Problem to solve:
Every line below from the one with "Antioxidant activity expressed" through the one with "Contenuto kit: tappo" is to be repeated exactly, with no picture among them.

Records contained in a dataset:
==*==

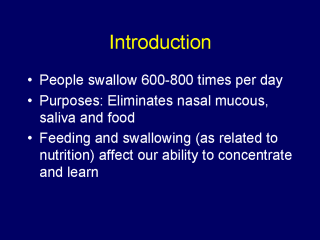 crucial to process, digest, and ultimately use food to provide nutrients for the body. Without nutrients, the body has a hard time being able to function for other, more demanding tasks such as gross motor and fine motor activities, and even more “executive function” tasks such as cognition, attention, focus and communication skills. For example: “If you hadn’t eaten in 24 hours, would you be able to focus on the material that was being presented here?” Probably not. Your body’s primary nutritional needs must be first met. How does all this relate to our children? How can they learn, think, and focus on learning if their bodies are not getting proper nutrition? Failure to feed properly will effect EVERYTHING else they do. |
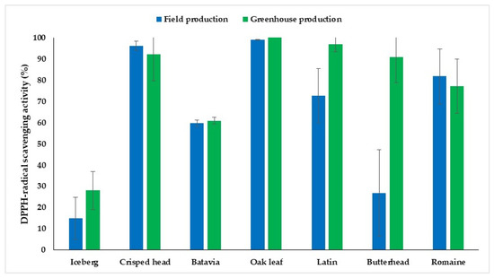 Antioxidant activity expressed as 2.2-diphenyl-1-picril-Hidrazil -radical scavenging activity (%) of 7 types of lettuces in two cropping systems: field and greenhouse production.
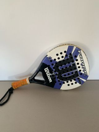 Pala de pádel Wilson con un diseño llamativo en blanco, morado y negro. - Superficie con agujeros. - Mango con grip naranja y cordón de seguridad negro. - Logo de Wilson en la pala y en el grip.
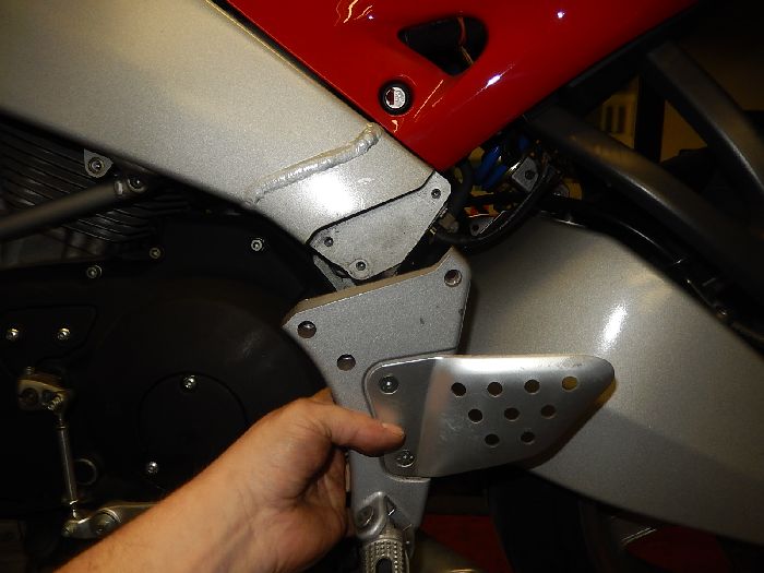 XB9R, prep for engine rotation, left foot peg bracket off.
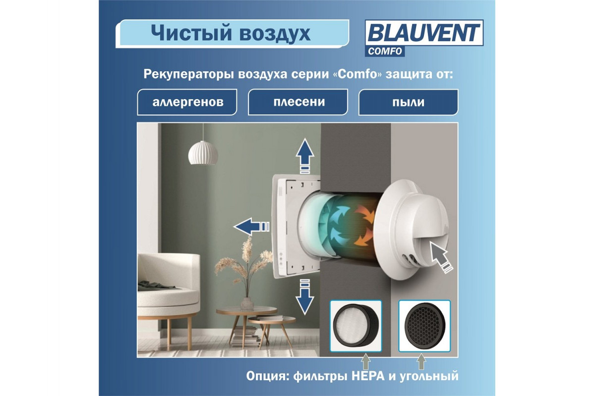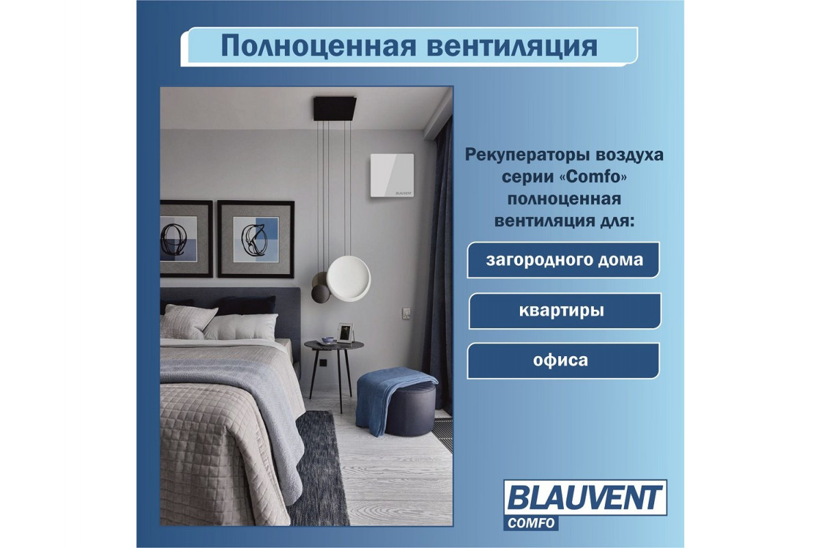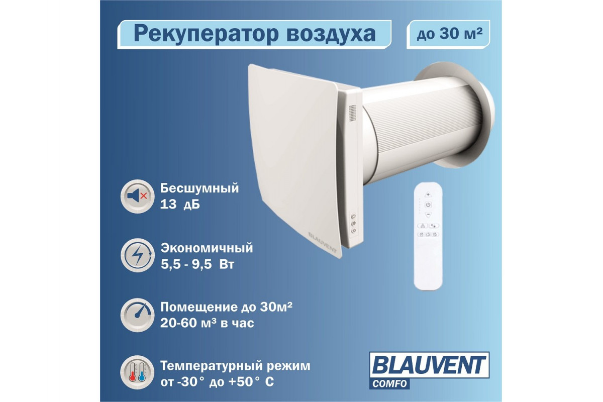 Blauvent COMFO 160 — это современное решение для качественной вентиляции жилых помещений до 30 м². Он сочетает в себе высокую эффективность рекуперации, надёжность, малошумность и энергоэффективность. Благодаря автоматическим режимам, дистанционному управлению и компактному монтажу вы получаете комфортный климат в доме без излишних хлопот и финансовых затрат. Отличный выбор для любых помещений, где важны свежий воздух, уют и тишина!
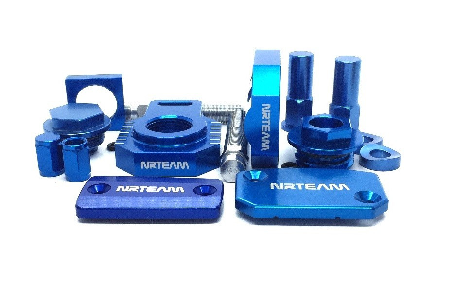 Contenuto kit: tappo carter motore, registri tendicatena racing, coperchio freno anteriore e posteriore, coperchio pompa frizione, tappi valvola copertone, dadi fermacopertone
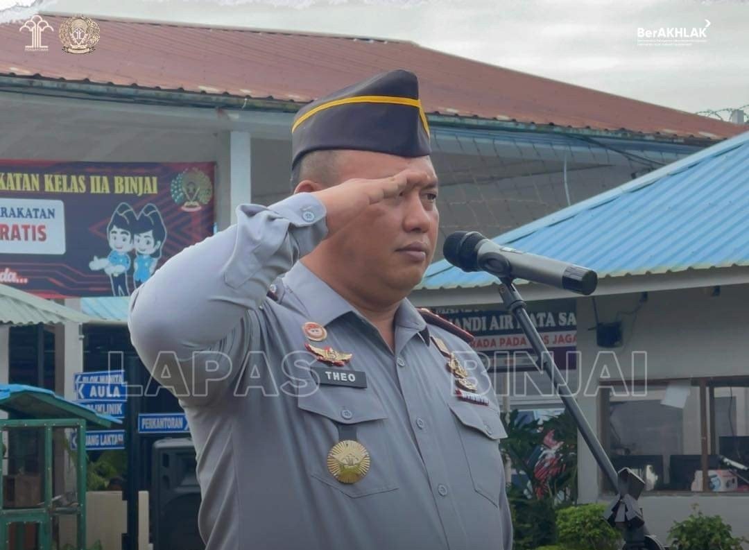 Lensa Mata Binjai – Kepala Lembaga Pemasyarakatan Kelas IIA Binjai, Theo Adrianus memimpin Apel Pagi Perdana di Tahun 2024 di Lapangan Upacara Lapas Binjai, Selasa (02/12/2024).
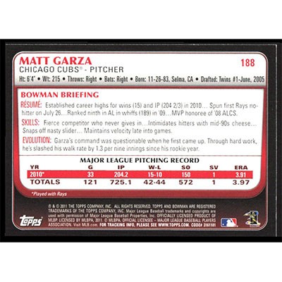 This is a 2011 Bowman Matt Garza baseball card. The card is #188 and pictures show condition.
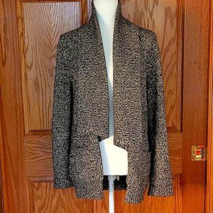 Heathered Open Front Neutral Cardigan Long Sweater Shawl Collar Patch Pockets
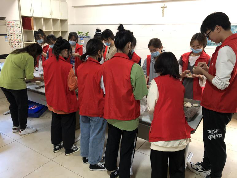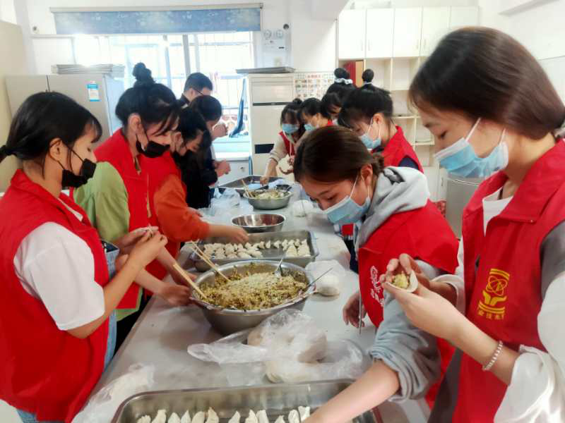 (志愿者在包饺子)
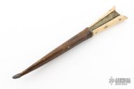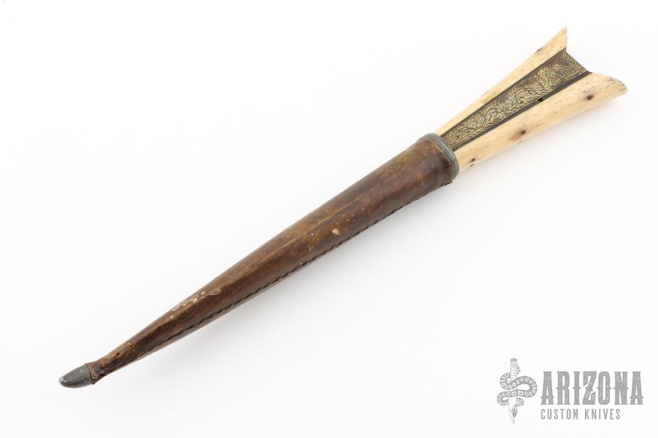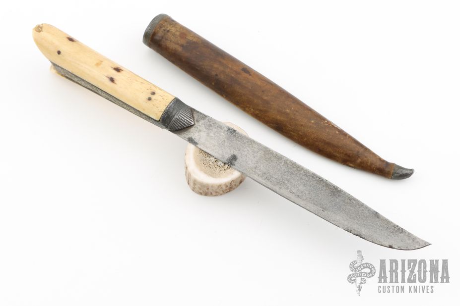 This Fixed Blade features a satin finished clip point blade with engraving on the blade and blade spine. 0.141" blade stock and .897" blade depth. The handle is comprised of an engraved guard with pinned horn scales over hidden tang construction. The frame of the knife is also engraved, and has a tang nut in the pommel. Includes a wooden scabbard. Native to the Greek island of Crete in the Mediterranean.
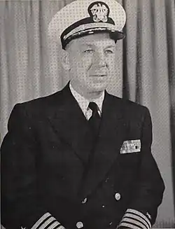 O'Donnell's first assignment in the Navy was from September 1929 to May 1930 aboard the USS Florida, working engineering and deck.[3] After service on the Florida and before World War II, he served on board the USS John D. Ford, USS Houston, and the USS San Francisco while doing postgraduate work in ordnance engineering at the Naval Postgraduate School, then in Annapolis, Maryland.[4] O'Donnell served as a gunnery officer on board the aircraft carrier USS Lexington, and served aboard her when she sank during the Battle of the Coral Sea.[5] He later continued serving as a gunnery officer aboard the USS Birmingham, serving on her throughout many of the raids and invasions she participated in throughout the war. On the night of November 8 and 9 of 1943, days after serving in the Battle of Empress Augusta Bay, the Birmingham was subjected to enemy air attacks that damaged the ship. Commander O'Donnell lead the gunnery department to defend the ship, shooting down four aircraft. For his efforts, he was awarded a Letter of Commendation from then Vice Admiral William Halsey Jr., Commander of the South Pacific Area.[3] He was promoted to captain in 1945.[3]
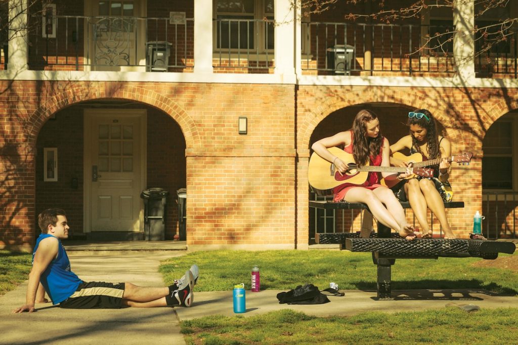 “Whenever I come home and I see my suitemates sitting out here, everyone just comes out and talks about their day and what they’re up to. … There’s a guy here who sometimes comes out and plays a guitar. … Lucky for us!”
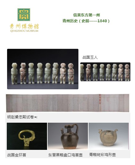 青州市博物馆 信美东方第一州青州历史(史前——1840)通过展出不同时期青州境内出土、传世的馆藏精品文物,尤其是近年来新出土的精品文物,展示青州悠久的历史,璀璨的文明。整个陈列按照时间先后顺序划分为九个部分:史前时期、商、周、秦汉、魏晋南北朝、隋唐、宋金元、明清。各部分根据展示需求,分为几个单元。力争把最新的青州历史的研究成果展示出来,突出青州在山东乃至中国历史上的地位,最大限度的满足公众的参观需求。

==*==

Your solution:
 Antioxidant activity expressed as 2.2-diphenyl-1-picril-Hidrazil -radical scavenging activity (%) of 7 types of lettuces in two cropping systems: field and greenhouse production.
 Pala de pádel Wilson con un diseño llamativo en blanco, morado y negro. - Superficie con agujeros. - Mango con grip naranja y cordón de seguridad negro. - Logo de Wilson en la pala y en el grip.
 XB9R, prep for engine rotation, left foot peg bracket off.
 Blauvent COMFO 160 — это современное решение для качественной вентиляции жилых помещений до 30 м². Он сочетает в себе высокую эффективность рекуперации, надёжность, малошумность и энергоэффективность. Благодаря автоматическим режимам, дистанционному управлению и компактному монтажу вы получаете комфортный климат в доме без излишних хлопот и финансовых затрат. Отличный выбор для любых помещений, где важны свежий воздух, уют и тишина!
 Contenuto kit: tappo carter motore, registri tendicatena racing, coperchio freno anteriore e posteriore, coperchio pompa frizione, tappi valvola copertone, dadi fermacopertone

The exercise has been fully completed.